Bubble wrap.

I was looking for a piece of wire to allow me to break into a house the other day. It was a simple scam – the letter box was deep enough to get your hand into, and the Yale lock was old and shaky. A nudge on the inside door handle would gain me entry to the hallway. I’d tried kicking the door open, but it was sturdier than it looked, and the dealer down the road probably wouldn’t have appreciated any extra attention. I just needed a piece of wire, or a stick or something.

I scoured the street. I knew it well, for it was in the street I live in. In fact, it was my house I wanted to break into. I strode instinctively to the corner of the street – there was always a fetid pile of rotting waste there. It had adorned the street corner for many months, and I felt sure that there would be a coathanger or something in the pile. I was surprised to find the pile gone – perhaps a nice man in a council lorry had whisked it away.

I did manage to find a package of bubble wrap though.
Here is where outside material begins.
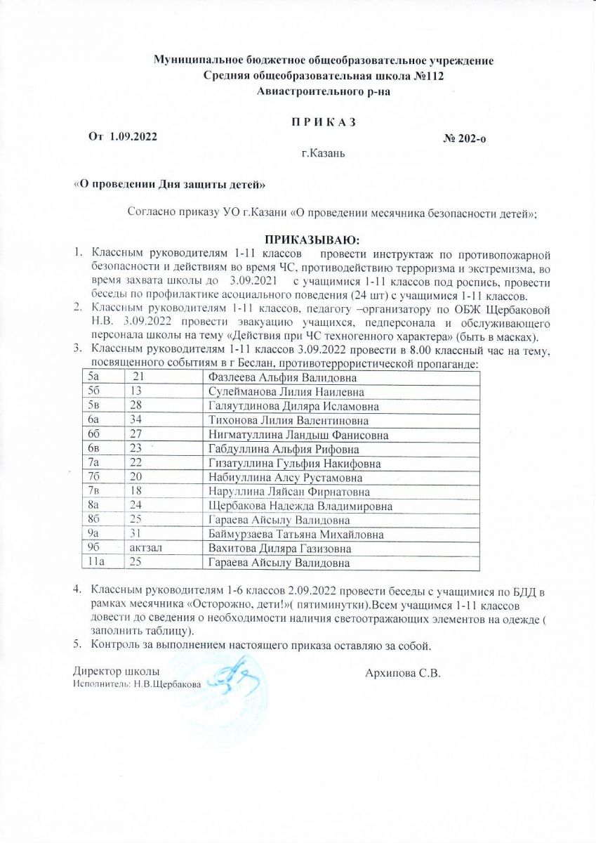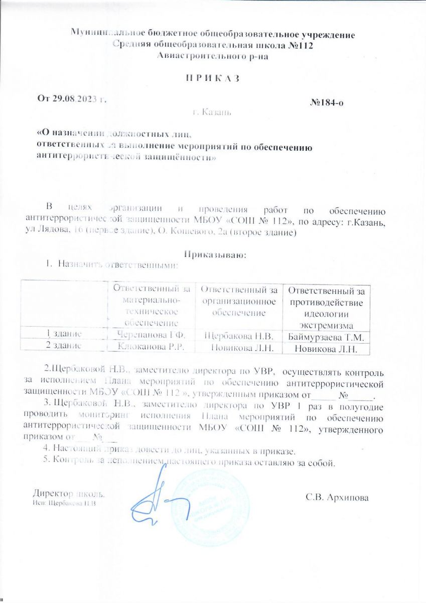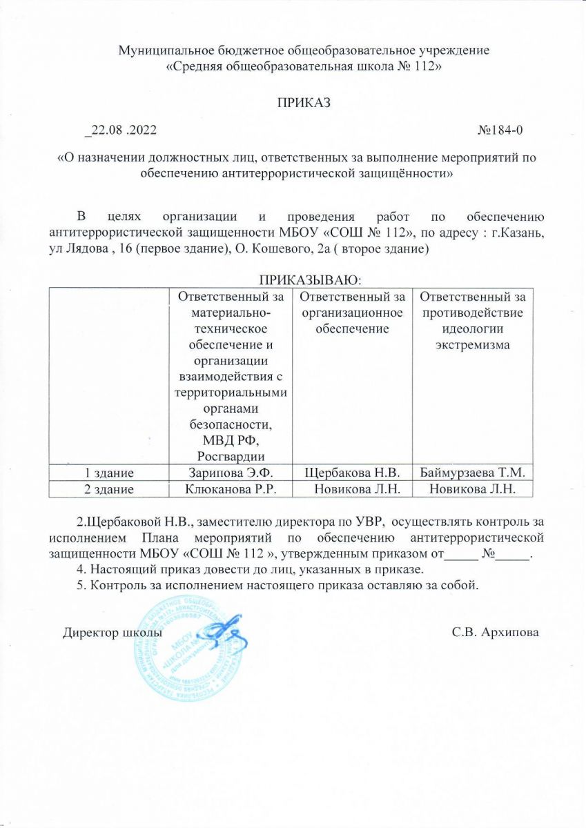 Приказ о назначении должностных лиц по антитеррористической работе в 2022\2023 учебном году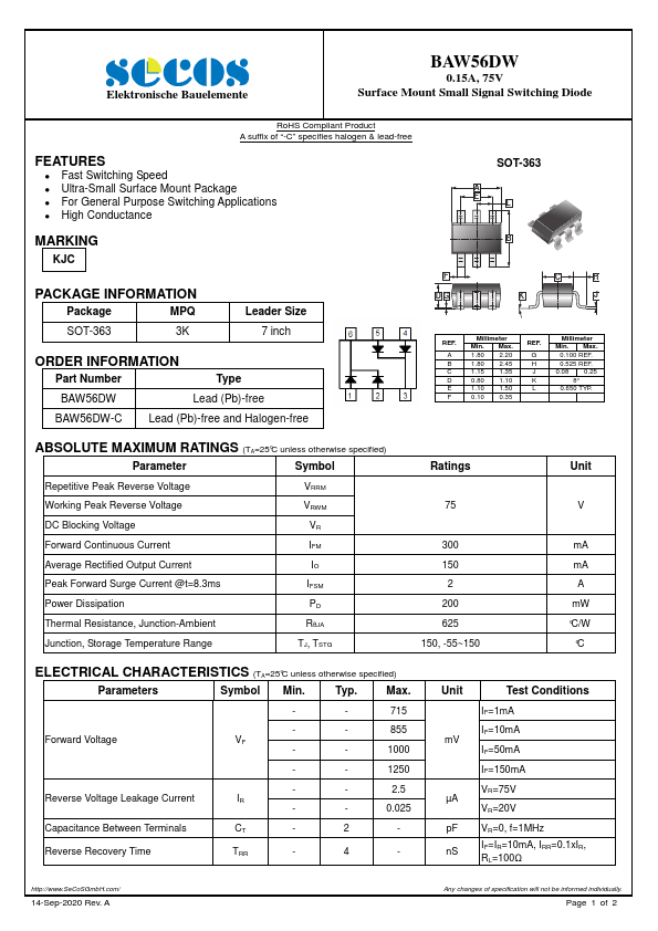 Elektronische Bauelemente BAW56DW 0.15A, 75V Surface Mount Small Signal Switching Diode RoHS pliant Product A suffix of ā-Cā specifies halogen & lead-free.

I was a little disappointed, as it wasn’t wrapped in bubble wrap (to protect the bubbles), but instead in flimsy plastic. The urge to jump on it and burst the packaqed bubbles passed. I found a stick. I broke into my house.

I went to work, and checked the internet. I was disappointed to find that this site ranks lower in the search for scantily clad girls than ‘gals and guns‘. To be fair though, I had never realised that my general sense of anomie could potentially be vanquished with ‘the two things that every man wants’ – big guns and beautiful guns. I’m off to the firing range.